# [RECORDS PROVIDED]
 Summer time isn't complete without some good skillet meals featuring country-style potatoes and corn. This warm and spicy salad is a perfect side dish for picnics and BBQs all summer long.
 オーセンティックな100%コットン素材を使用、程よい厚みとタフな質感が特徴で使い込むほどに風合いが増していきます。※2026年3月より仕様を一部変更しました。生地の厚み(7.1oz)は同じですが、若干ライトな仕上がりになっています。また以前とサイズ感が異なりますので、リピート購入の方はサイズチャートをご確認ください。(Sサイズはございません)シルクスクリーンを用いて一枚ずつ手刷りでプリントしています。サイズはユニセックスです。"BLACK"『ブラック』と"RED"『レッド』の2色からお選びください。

--

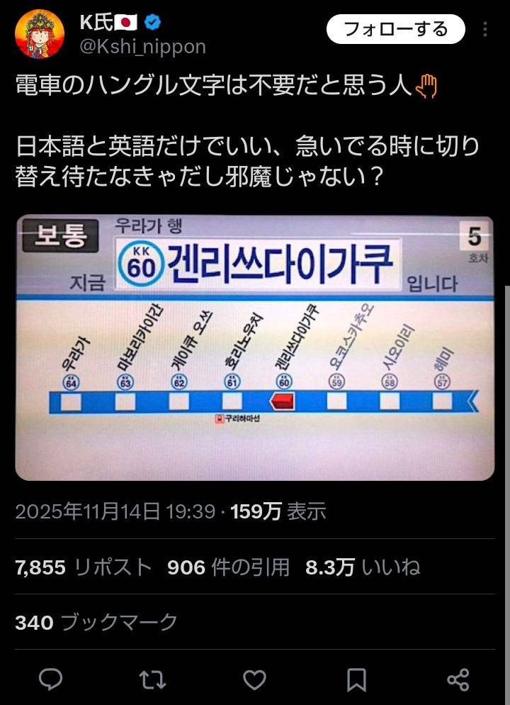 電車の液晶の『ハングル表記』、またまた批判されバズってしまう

# [ACTION ITEM]
Above are the records. Copy the lines beginning at the one that has "Summer time isn't" and ending with the one that has "オーセンティックな100%コ", unchanged.

# [WRITTEN SOLUTION]
 Summer time isn't complete without some good skillet meals featuring country-style potatoes and corn. This warm and spicy salad is a perfect side dish for picnics and BBQs all summer long.
 オーセンティックな100%コットン素材を使用、程よい厚みとタフな質感が特徴で使い込むほどに風合いが増していきます。※2026年3月より仕様を一部変更しました。生地の厚み(7.1oz)は同じですが、若干ライトな仕上がりになっています。また以前とサイズ感が異なりますので、リピート購入の方はサイズチャートをご確認ください。(Sサイズはございません)シルクスクリーンを用いて一枚ずつ手刷りでプリントしています。サイズはユニセックスです。"BLACK"『ブラック』と"RED"『レッド』の2色からお選びください。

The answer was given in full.